[[ Input material open ]]

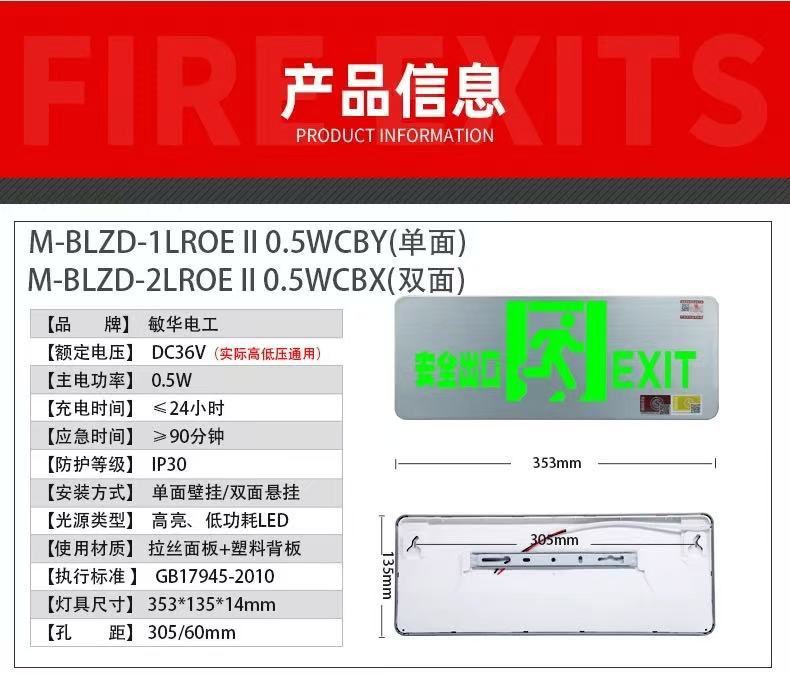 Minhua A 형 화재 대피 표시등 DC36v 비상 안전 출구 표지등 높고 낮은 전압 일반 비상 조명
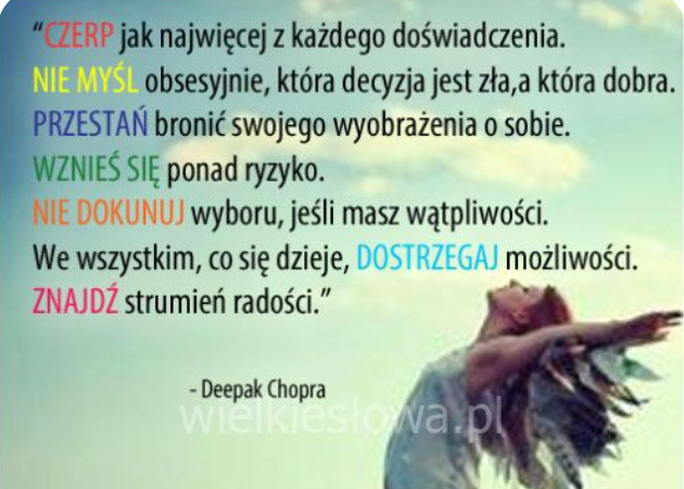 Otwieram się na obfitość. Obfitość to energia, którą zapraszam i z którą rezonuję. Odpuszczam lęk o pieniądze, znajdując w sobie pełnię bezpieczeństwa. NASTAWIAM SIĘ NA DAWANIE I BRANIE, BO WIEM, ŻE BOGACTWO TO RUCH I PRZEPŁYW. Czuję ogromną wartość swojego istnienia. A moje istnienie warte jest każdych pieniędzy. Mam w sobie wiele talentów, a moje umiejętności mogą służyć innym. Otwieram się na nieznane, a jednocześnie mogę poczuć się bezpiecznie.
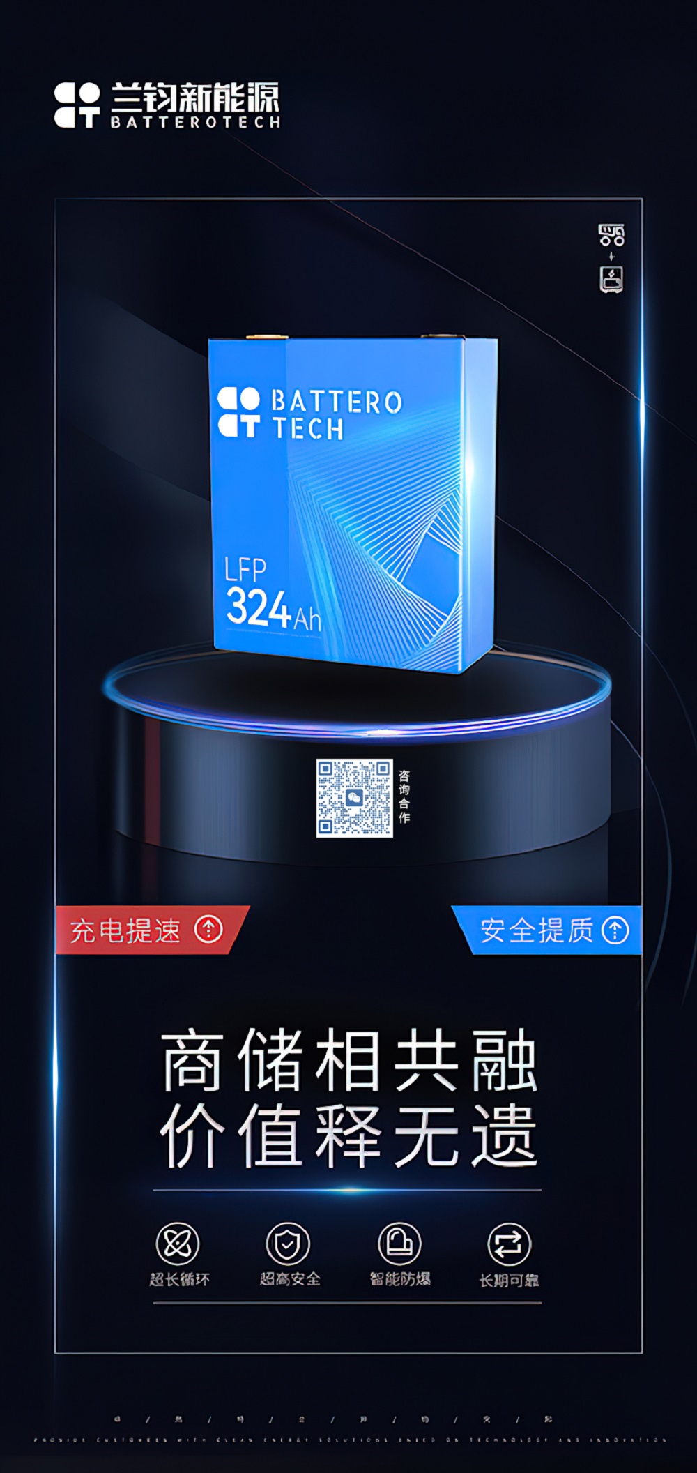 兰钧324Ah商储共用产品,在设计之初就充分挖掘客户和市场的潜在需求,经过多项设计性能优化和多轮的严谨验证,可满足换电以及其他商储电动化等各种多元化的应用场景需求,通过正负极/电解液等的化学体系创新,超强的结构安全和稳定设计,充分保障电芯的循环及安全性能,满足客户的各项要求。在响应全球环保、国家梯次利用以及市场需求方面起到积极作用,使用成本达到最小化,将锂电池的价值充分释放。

[[ Input material closed ]]
[[ Input material open ]]

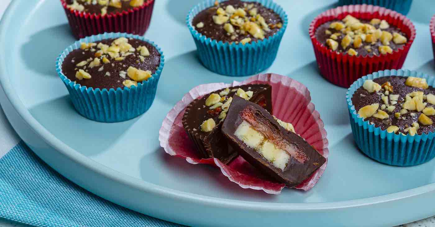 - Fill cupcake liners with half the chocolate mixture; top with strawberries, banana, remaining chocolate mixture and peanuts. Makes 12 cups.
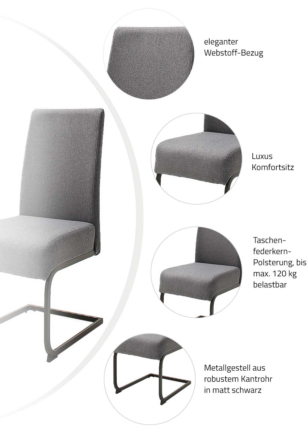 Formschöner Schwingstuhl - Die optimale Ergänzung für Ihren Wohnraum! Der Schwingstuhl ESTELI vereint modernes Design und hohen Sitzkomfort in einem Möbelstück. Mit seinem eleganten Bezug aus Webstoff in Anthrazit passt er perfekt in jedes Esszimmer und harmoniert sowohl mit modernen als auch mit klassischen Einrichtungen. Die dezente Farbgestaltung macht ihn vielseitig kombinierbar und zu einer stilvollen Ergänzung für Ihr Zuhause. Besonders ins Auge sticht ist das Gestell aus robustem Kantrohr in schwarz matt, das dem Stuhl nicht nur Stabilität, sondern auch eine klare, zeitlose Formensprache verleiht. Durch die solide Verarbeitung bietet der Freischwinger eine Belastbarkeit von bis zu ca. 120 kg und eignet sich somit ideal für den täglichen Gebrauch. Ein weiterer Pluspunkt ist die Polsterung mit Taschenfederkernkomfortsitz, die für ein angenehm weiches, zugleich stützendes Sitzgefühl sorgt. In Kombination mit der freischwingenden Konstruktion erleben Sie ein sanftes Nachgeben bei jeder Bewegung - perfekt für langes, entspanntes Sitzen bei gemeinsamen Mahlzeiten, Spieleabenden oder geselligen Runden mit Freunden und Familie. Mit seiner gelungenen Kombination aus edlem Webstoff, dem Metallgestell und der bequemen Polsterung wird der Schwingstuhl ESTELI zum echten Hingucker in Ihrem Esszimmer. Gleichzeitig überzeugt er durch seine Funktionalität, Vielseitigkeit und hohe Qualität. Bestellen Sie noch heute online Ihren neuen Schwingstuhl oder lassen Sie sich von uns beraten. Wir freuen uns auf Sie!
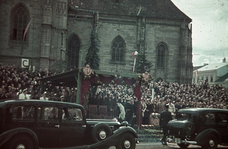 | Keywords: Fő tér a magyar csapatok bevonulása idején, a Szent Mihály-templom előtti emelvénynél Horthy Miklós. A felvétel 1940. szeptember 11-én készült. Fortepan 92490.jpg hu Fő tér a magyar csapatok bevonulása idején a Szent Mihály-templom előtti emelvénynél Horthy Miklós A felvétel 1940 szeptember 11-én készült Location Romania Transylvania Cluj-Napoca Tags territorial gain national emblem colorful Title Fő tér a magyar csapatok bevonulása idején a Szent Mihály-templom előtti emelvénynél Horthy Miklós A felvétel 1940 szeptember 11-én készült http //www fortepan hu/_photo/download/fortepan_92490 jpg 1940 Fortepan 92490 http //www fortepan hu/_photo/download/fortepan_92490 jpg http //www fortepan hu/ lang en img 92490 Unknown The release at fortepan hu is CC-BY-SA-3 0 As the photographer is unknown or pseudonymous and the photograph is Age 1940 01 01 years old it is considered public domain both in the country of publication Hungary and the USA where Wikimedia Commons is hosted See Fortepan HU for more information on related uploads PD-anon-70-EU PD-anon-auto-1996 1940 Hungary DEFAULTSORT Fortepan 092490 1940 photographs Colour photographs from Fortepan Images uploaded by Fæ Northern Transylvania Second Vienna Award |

[[ Input material closed ]]
[[ Input material open ]]

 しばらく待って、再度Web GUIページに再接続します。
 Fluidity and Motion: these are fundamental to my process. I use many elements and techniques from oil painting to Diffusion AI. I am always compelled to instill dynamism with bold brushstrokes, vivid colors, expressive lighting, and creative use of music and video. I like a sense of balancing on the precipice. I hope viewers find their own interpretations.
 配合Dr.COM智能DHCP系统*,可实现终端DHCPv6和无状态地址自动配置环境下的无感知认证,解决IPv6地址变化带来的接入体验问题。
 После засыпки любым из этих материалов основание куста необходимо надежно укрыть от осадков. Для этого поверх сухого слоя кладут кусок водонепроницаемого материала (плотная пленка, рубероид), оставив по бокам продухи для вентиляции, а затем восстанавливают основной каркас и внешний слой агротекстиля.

[[ Input material closed ]]

_What the task requires_. Among the entries above, the line containing "しばらく待って、再度Web GUIページに再接続します。", the line containing "После засыпки любым", and all lines between them are to be restated word for word; nothing else belongs in the reply.

_Answer box_.
 しばらく待って、再度Web GUIページに再接続します。
 Fluidity and Motion: these are fundamental to my process. I use many elements and techniques from oil painting to Diffusion AI. I am always compelled to instill dynamism with bold brushstrokes, vivid colors, expressive lighting, and creative use of music and video. I like a sense of balancing on the precipice. I hope viewers find their own interpretations.
 配合Dr.COM智能DHCP系统*,可实现终端DHCPv6和无状态地址自动配置环境下的无感知认证,解决IPv6地址变化带来的接入体验问题。
 После засыпки любым из этих материалов основание куста необходимо надежно укрыть от осадков. Для этого поверх сухого слоя кладут кусок водонепроницаемого материала (плотная пленка, рубероид), оставив по бокам продухи для вентиляции, а затем восстанавливают основной каркас и внешний слой агротекстиля.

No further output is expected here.